Camila gargalhou do outro lado.

— Isso vai dar tanto errado…

— Já começou dando. E, pra piorar, ele me paga as dívidas se eu aguentar seis meses. Isso me faz uma esposa de aluguel de luxo?

— Não. Isso te faz oficialmente personagem de uma comédia romântica. E eu exijo spoilers semanais.

Olivia sorriu pela primeira vez no dia. Um sorriso cansado, mas sincero. O jogo tinha começado. E ela, gostando ou não, já era uma das protagonistas.

Sentada na beirada da cama — vestida de pijama e com o cabelo preso em um coque torto — Olivia encarava o contrato sobre a mesinha de cabeceira como quem encara um fantasma. O nome dele, impresso em negrito no topo da primeira página, parecia zombar dela: Ethan Cavalli.

— Arrogante, controlador, obcecado por etiquetas… e agora meu marido de papel.

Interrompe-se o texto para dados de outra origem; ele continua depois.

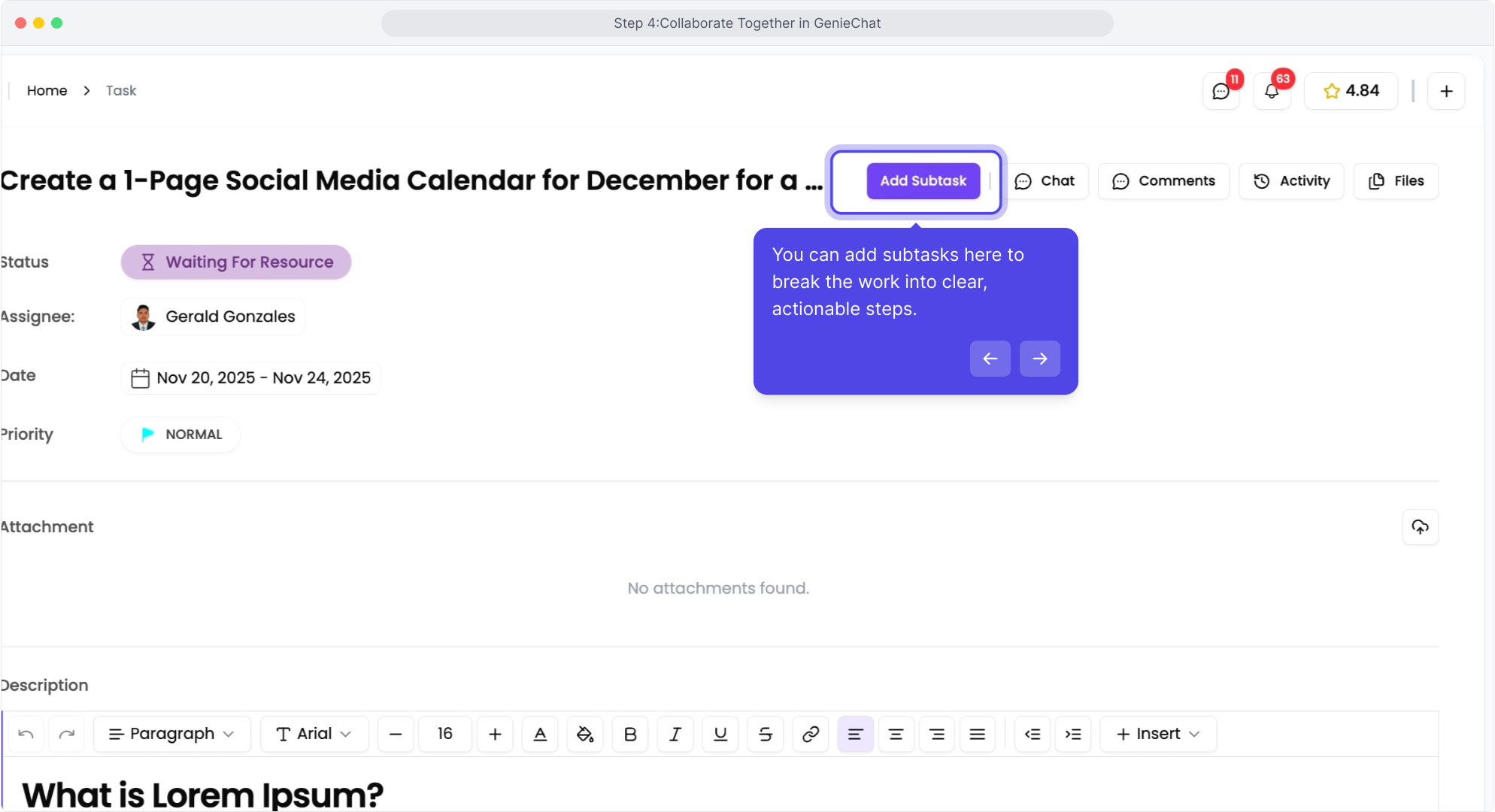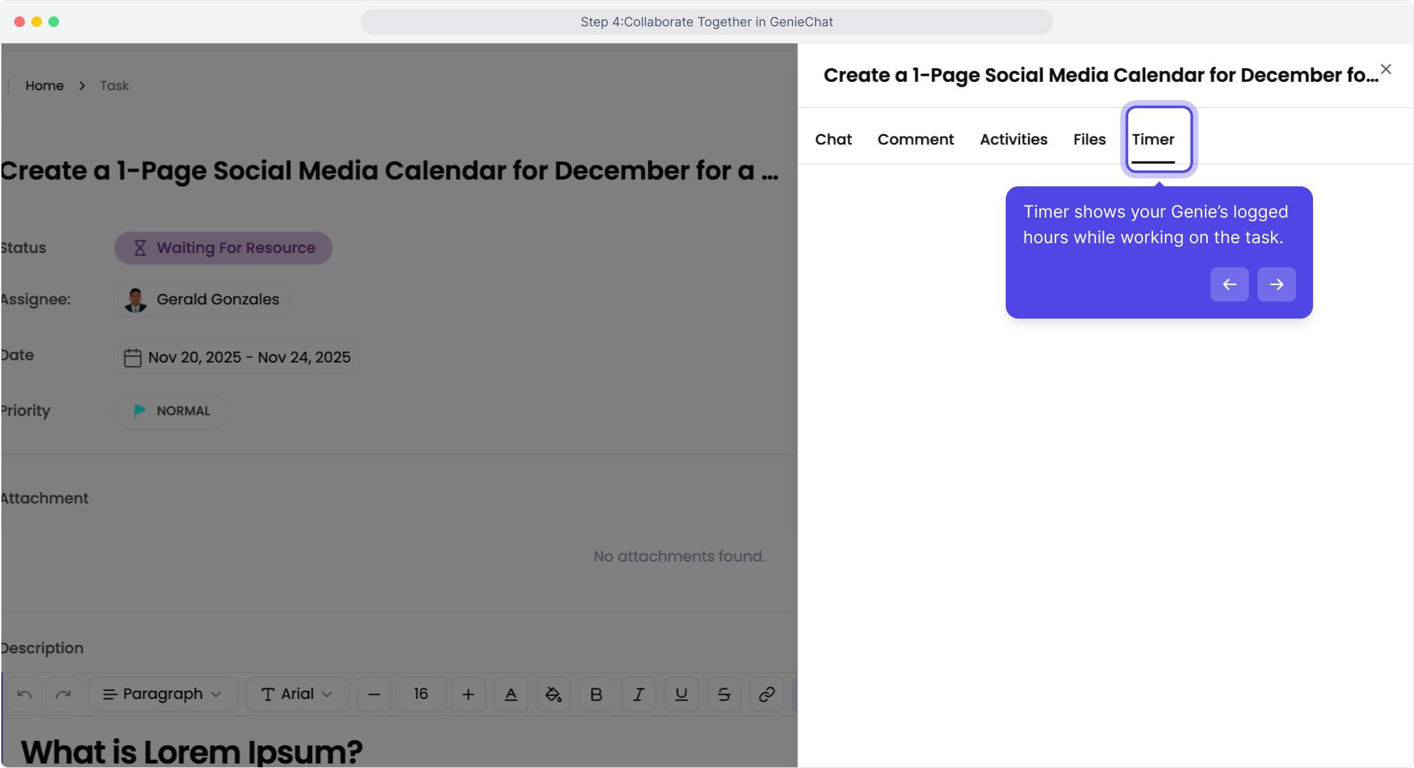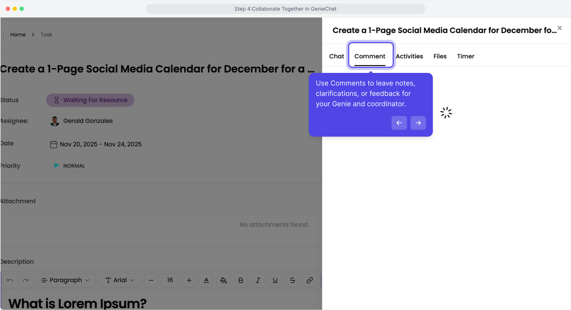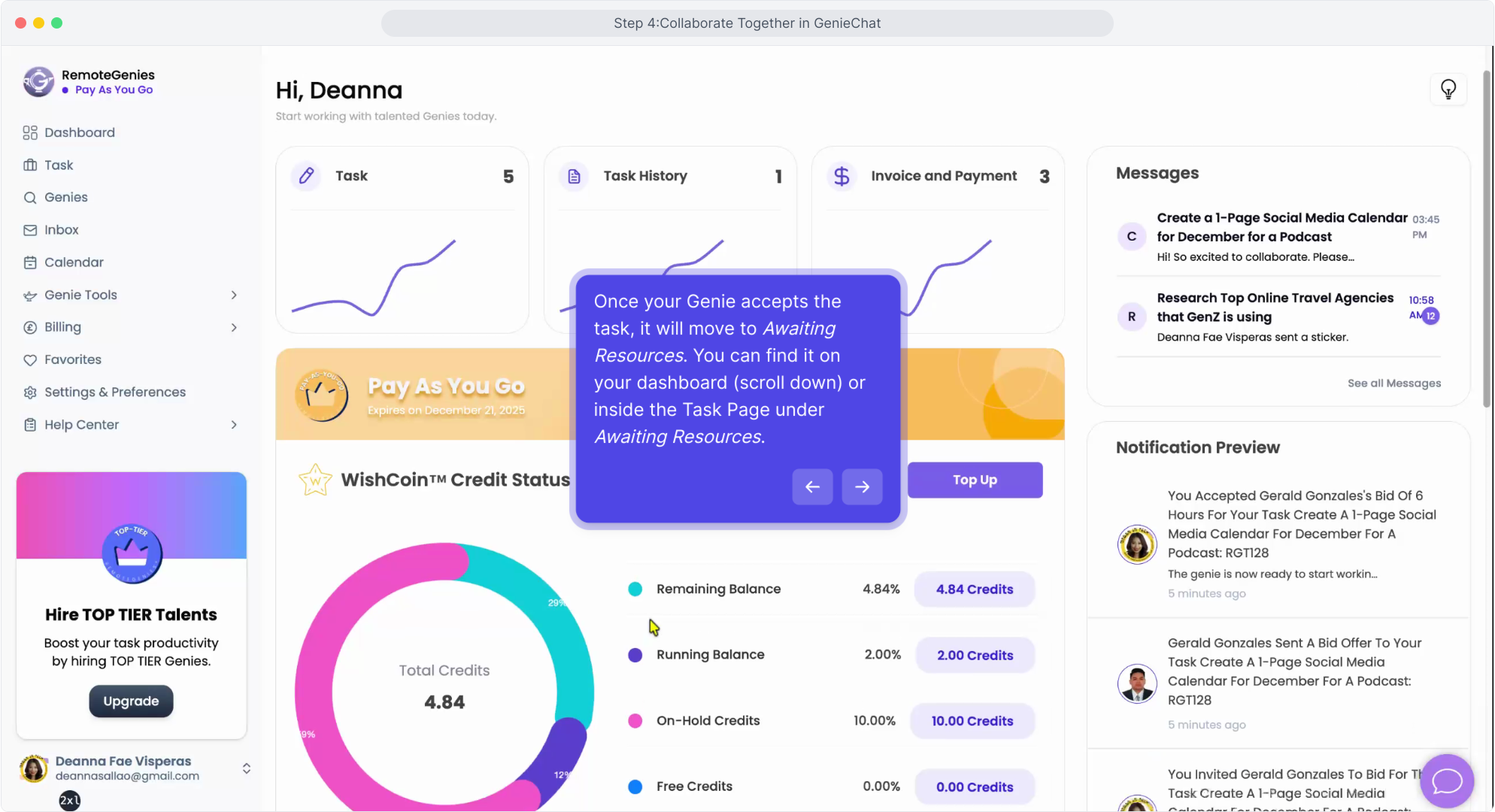 Once your Genie accepts the task, the status automatically changes to Waiting For Resource.

Ela bufou, apoiando o queixo na mão.

Seus pensamentos giravam em torno de uma única questão: como um homem podia ser tão absurdamente irritante?

Ele era do tipo que corrigia o barista se errassem seu nome no copo, que passava álcool na própria mesa de reuniões três vezes por dia e que, claro, precisava incluir uma cláusula inteira para proibir o uso das suas benditas canetas Montblanc.

Como se isso fosse o maior problema da relação contratual.

— Talvez eu devesse usar uma só por vingança. Assinar um recibo de pizza com uma Montblanc só pra vê-lo ter um colapso nervoso.

Ela sorriu de canto, já visualizando a cena.

De todas as guerras que ela podia imaginar, essa definitivamente não seria vencida com armas comuns. E Ethan Cavalli não fazia ideia de quem tinha colocado no campo de batalha.